Lesson #4: Pupation
>> Pupae are the third and penultimate developmental stage of mealworm. Once the larvae pupate, the beetles hatch after about 10 days.
If the first mealworms start to pupate, sooner or later, you will find pupae that have dark spots on them. The darkening is caused by an enzyme at the site of the pupa’s injury, which some mealworm might have feasted on. An injured pupa, even if it continues to survive, has only a minimal chance of hatching into a healthy beetle (healthy pupa on the left in the picture, damaged on the right). This brings us to the most significant issue that we must deal with when cultivating the next generation of mealworms, which is cannibalism.
Mealworm – pupae
While this problem is unnoticeable during the rearing of individual mealworms, losses are substantial when rearing all other developmental stages. Mealworms and beetles both enjoy feasting on pupae and eggs, especially when they are exposed to hunger or a lack of fluids. Mixed breeding is, therefore, very inefficient, and we must attempt to separate the individual developmental stages from each other.
Pupation occurs in mealworm larvae under ideal conditions, approximately ten weeks after hatching. The exoskeleton of a larva that rested in a “C” position for a week cracks on its back, and within minutes, a complete pupa emerges from it. Once the shedding process is complete, the pupa does not take any food and without external stimulus will not move.
If you don’t have a very large breeding operation and, on the contrary, have enough time and patience, the intricate pupation process may not interest you much. All pupae just need to be regularly collected and set aside for hatching. Problem solved.
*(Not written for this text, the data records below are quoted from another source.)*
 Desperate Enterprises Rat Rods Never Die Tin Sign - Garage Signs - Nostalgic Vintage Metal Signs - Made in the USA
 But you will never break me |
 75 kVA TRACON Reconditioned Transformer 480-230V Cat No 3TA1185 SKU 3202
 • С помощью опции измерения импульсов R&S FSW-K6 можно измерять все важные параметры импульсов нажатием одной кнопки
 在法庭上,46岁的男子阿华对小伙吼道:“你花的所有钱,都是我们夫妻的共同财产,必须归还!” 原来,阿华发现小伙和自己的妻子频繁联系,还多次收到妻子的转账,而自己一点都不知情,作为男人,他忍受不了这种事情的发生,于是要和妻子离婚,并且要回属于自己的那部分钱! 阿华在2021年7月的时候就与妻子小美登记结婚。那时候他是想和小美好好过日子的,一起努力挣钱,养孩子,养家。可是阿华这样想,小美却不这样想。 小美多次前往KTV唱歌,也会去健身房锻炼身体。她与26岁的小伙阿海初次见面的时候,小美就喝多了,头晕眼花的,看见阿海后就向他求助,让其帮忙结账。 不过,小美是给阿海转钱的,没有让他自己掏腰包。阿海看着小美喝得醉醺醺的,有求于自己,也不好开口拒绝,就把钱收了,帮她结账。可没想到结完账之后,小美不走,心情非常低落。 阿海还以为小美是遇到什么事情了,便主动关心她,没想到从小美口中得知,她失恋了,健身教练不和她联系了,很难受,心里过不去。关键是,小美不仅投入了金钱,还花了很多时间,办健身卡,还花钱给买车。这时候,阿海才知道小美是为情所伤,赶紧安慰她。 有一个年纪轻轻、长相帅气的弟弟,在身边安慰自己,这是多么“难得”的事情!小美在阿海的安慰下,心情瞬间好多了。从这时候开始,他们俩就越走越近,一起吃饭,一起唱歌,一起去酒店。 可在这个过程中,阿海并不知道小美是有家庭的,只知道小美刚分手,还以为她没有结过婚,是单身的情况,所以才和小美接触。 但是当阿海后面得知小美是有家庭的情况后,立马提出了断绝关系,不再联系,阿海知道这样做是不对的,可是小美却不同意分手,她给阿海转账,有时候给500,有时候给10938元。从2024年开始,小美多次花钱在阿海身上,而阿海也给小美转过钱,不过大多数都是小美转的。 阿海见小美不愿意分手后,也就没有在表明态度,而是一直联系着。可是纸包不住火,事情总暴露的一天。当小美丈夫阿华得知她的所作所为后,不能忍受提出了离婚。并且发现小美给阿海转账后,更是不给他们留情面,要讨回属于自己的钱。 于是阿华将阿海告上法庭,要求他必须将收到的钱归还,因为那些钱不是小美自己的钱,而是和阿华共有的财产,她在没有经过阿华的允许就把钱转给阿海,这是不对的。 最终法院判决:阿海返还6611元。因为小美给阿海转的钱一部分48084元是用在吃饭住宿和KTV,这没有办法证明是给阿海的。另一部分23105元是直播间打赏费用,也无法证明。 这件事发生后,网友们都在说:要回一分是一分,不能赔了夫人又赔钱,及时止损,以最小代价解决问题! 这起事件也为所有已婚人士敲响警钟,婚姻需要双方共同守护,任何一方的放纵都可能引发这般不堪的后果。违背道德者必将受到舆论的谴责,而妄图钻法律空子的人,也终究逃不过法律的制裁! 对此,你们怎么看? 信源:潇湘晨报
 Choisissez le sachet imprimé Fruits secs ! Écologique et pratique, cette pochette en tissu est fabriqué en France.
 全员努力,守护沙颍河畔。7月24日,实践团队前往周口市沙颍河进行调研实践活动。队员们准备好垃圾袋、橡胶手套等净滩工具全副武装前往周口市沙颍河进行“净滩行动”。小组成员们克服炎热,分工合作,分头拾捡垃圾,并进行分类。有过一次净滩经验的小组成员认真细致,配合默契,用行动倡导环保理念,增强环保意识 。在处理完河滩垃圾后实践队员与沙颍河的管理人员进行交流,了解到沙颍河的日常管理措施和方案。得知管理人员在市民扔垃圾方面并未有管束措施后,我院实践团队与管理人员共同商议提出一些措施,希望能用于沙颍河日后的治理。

A more experienced breeder, however, will appreciate a less time-consuming procedure.
Pupation of Larvae
First, from the larvae designated for pupation, we sort out the small mealworms. We use a harvesting sieve (2.5 mm mesh) to ensure that only sufficiently grown mealworms undergo pupation. The small, active, and still hungry ones need to be kept out as they might nibble on the pupae. We leave the mealworms on a harvesting sieve for a few hours. They sort themselves out—the small ones crawl down, and the large ones stay on top. We return the small ones to the feeding area and transfer the large ones to a different box. From now on, we can refer to it as the ‘pupation box.’
In this box, it’s crucial to maintain an adequate supply of food and, most importantly, fluids. The pupation box should be regularly provided with a water source (fruit/vegetables, etc.). We partially close the box to limit air circulation and drying, ensuring that the mealworms do not suffocate. Finding the right balance here is challenging—determining how often and how much to moisten. We aim for optimal humidity, but we also want to avoid the substrate turning into sticky mud.
Separation of Pupae
There are two different approaches to how often to separate pupae.
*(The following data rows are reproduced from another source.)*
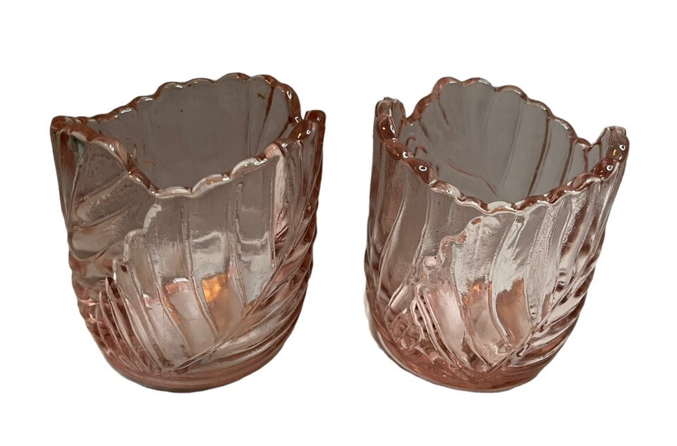 Larry Laslo Towle 1985 Pink Glass Candle Holder Textured Set Of 2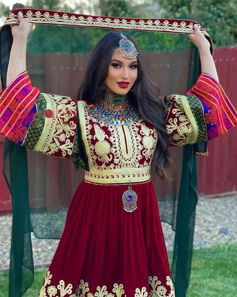 ชุดเดรส Afghan kuchi สำหรับผู้หญิงชุดปาร์ตี้งานแต่งงานประดับด้วยเลื่อมลูกไม้ของตกแต่งเอวธรรมชาติ
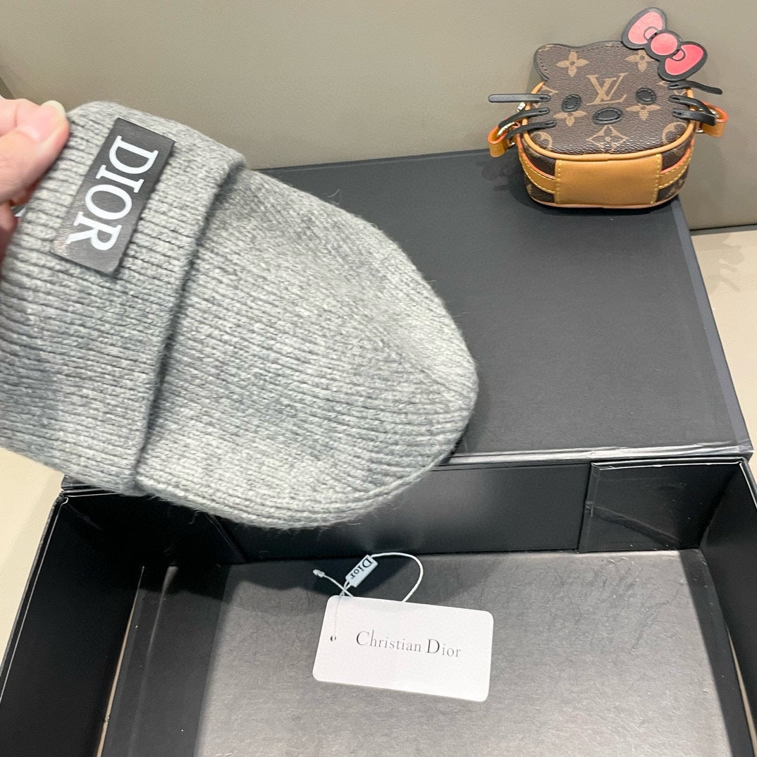 KNITTED BEANIE HAT IN LIGHT GRAY WOOL AND RABBIT FUR 439675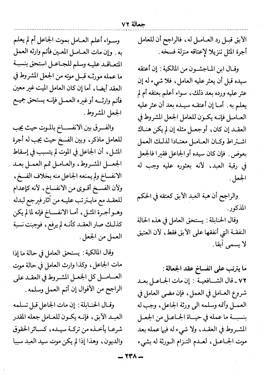 72 - قَال الشَّافِعِيَّةُ: إِنْ مَاتَ الْجَاعِل بَعْدَ شُرُوعِ الْعَامِل فِي الْعَمَل، فَإِنْ مَضَى الْعَامِل فِي الْعَمَل وَأَتَمَّهُ وَسَلَّمَهُ إِلَى وَرَثَةِ الْجَاعِل، وَجَبَ لَهُ بِنِسْبَةِ مَا عَمِلَهُ فِي حَيَاةِ الْجَاعِل مِنَ الْجُعْل الْمَشْرُوطِ فِي الْعَقْدِ، وَلاَ شَيْءَ لَهُ فِيمَا عَمِلَهُ بَعْدَ مَوْتِ الْجَاعِل؛ لِعَدَمِ الْتِزَامِ الْوَرَثَةِ لَهُ بِشَيْءٍ
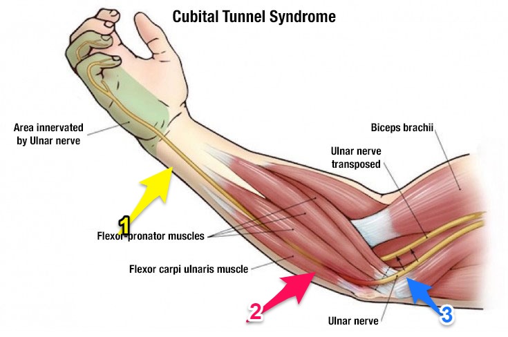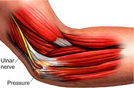 노란색 척골신경이 팔꿈치로 눌려 있어요https://premierneurologycenter.com/conditions-treatment/ulnar-neuropathy/ https://www.healthdirect.gov.au/surgery/ulnar-nerve-release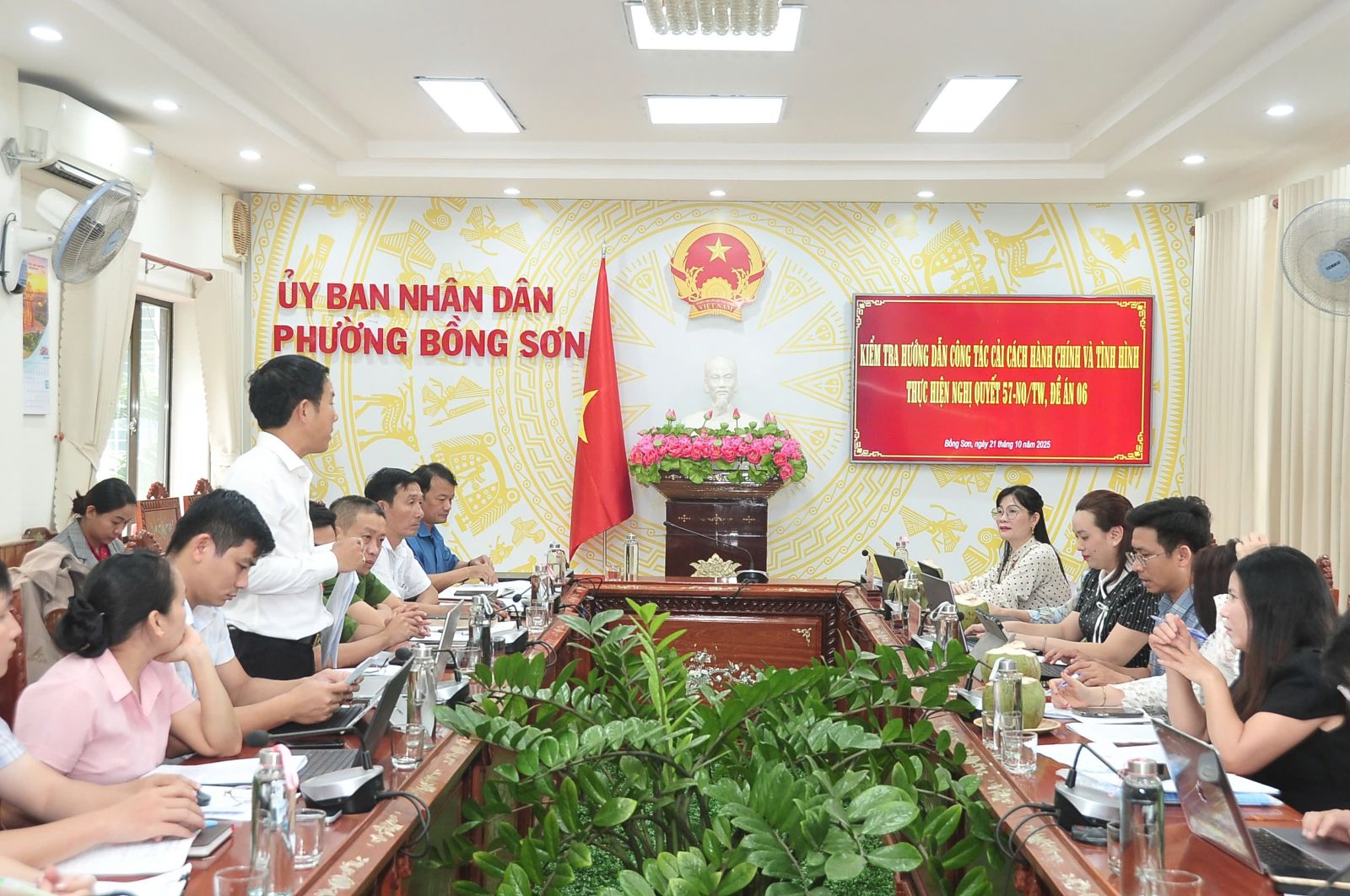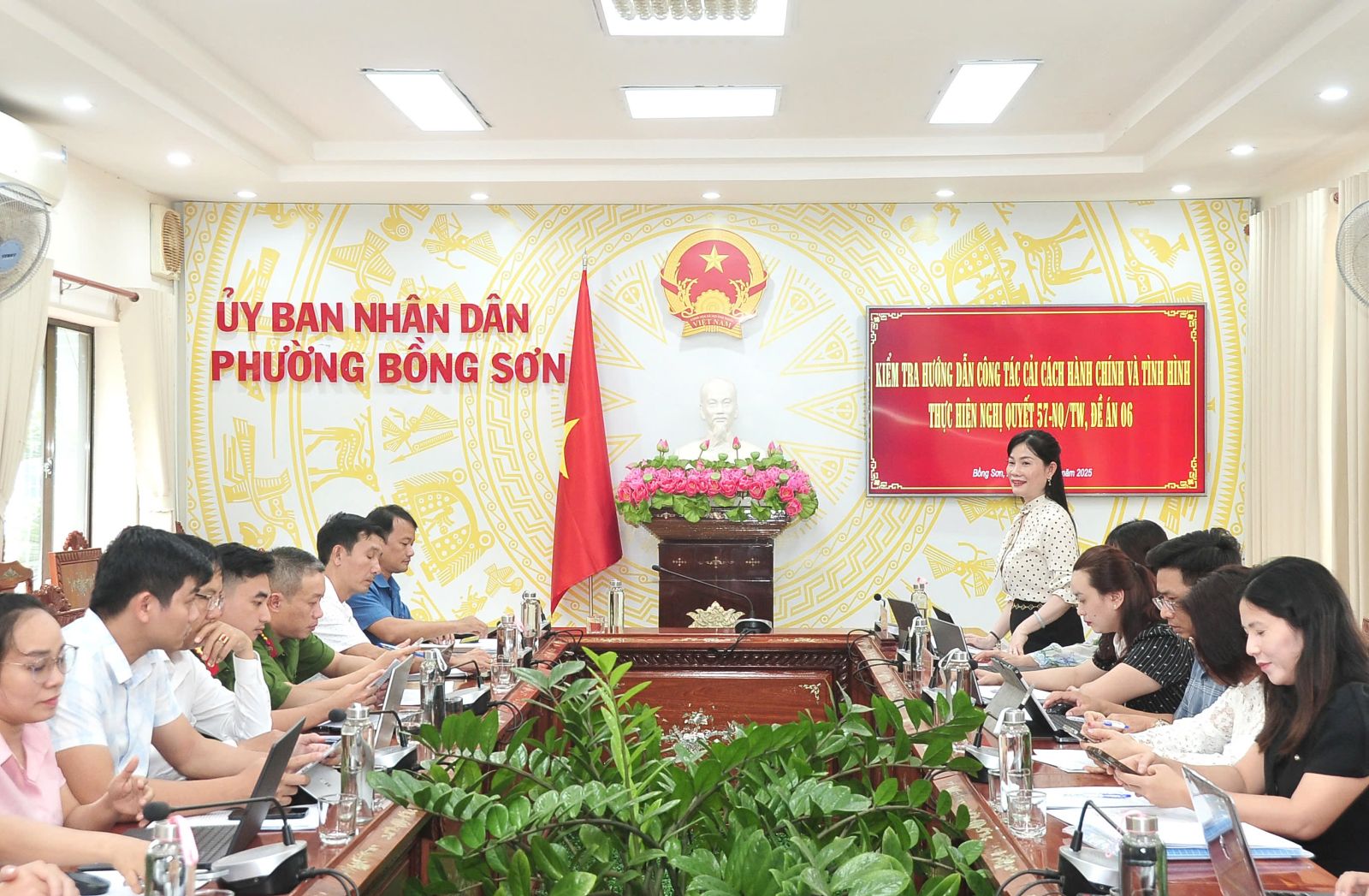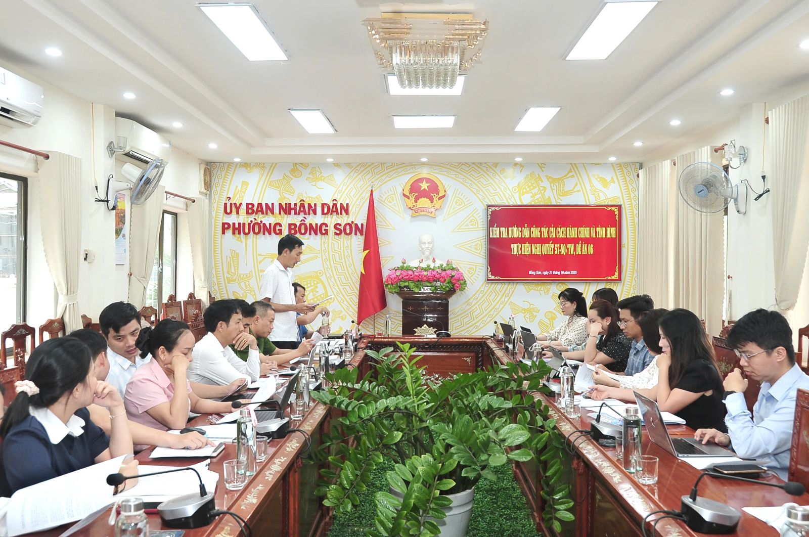 Chiều ngày 21/10/2025, Đoàn kiểm tra, hướng dẫn cải cách hành chính của tỉnh Gia Lai đã về kiểm tra, hướng dẫn công tác cải cách hành chính tại phường Bồng Sơn. Tham gia Đoàn kiểm tra có bà Trần Thị Thu Lượng- Phó Giám đốc Trung tâm phục vụ hành chính công tỉnh, Nguyễn Thị Ánh Tuyết - Phó trưởng phòng (Sở Tư pháp). Làm việc với Đoàn, về phía phường Bồng Sơn có đồng chí Nguyễn Đình Chiến - Phó Chủ tịch UBND phường, lãnh đạo các phòng, trung tâm liên quan.

If we have a larger breeding operation and enough space, we’re not so concerned about the efficiency of the process. Instead, we save on human labor, leaving the pupation box to its fate and waiting until the beetles start swarming. We then regularly harvest the beetles, for example, using an egg carton. Simply place it in the pupation box and regularly shake the beetles out into the parent system
However, if we want to achieve maximum efficiency at the cost of some extra work, we remove pupae from the pupation box regularly, ideally every 3-4 days. We can do this manually if there are only a few, or use a sieve for pupae (mesh 3.5 mm), allowing all the mealworms to fall through while the pupae remain.
Quick Separation of Pupae
To separate pupae from larvae, a regular vegetable tray comes in handy.
Mealworm – pupae
We keep pupae from each sorting separately. For this purpose, 5-6 plastic “hatching” boxes are sufficient. By the time we fill the last box, the first one will already be full of beetles, which we’ll move to the parent breeding box. An undeniable advantage of gradual pupae sorting is that we have precise information about the age of the beetles.
There is no need to take any special care of pupae, except perhaps ensuring they are not exposed to excessively high or low temperatures or humidity.
Hatching of Beetles
The hatching of a beetle from a pupa is its final molt in life. A mealworm can go through more than 20 of them in its lifetime. The developmental stage between two molts is called an instar. The last molt is undoubtedly the riskiest. Some pupae are somehow damaged (mechanically/developmentally), so not all of them can successfully hatch into healthy beetles.
If everything goes well, hatching occurs approximately a week to ten days after pupation. Similar to other stages, the newly hatched beetle is initially white, later coppery, and only gains its black color after a few days.
Each beetle is very vulnerable during its first days, does not seek food, and is not very active, so they won’t harm the pupae. By not having pupae from an extended time period in one hatching box, we cleverly avoid the need to separate beetles from pupae, which can be quite laborious and inefficient.
If you still find yourself needing to separate beetles from pupae, simply cover them with cardboard or paper. Large portion of the beetles will eventually crawl onto it. Then, gently shake the beetles from the paper into the parent system. It’s clear that not all beetles will behave exactly as we need them to, and even if we repeat the process several times a day, we will still need to manually sort out some of them.